World War II Nazi Germany is an indelible stain on the conscience of humanity; it’s a conviction on the the moral values and faith of individuals, of communities, and of nations, that, by silence, were complicit in the genocide of Jewish people. Six million Jews perished in Hitler’s gas chambers, crematoriums, and concentration camps.

Rwanda was the last genocide of the twentieth century. The internet and 24-hour cable news allowed for near immediate awareness of global events. It happened in the mid-90s, but national and international news media gave scant coverage.

Only a few journalists and missionaries remained in Rwanda after violence erupted.

There was also a bigger story in South Africa. Apartheid was dead. Nelson Mandela, the once imprisoned advocate, and leader of the African National Congress would cast his vote in the first free election. He would become the first president of the new South Africa.

Ethnic violence was not uncommon in Rwanda. The country was subjected to Belgian colonial rule for decades after the end of the First World War. Colonial policies fostered division, and ethnic tensions. The Belgians favored the Tutsi, made them the superior ethic group, and gave them leadership positions. When independence was won in 1962, the Hutu and Tutsi clashed to fill the vacuum of leadership.
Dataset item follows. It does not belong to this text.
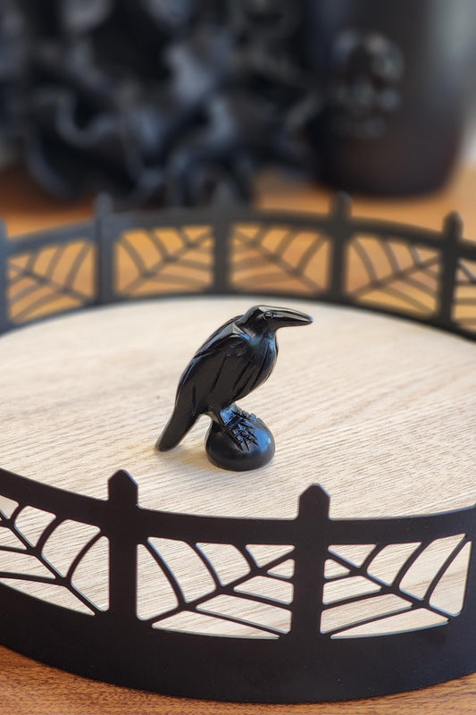 Mini Crystal Crows | Black Obsidian Raven Carving | 1.5" | Vulture Bird for Spooky Season | Nevermore Edgar Allen Poe, Lucky Halloween Omens

The Hutu, the majority group, won control. The resentment that simmered during colonial rule erupted in retaliatory violence against the Tutsi. Massacres, displacements, and civil war were common for the next three decades. More than 400,000 Tutsi fled to neighboring countries.

Perhaps, because of the eruptions of violence in past decades, the nations and media ascribed the latest violence as just another ethnic clash.

Inadvertently, the media prioritized and devalued Black lives. The United Nations Peacekeeping Force did not intervene.

On April 6, 1994, the plane carrying Rwandan President Habyatimana was shot down. He was a Hutu. The Belgian colonialism bred resentment, hatred, and suspicion of the Tutsi laid the blame on them and ignited the genocide.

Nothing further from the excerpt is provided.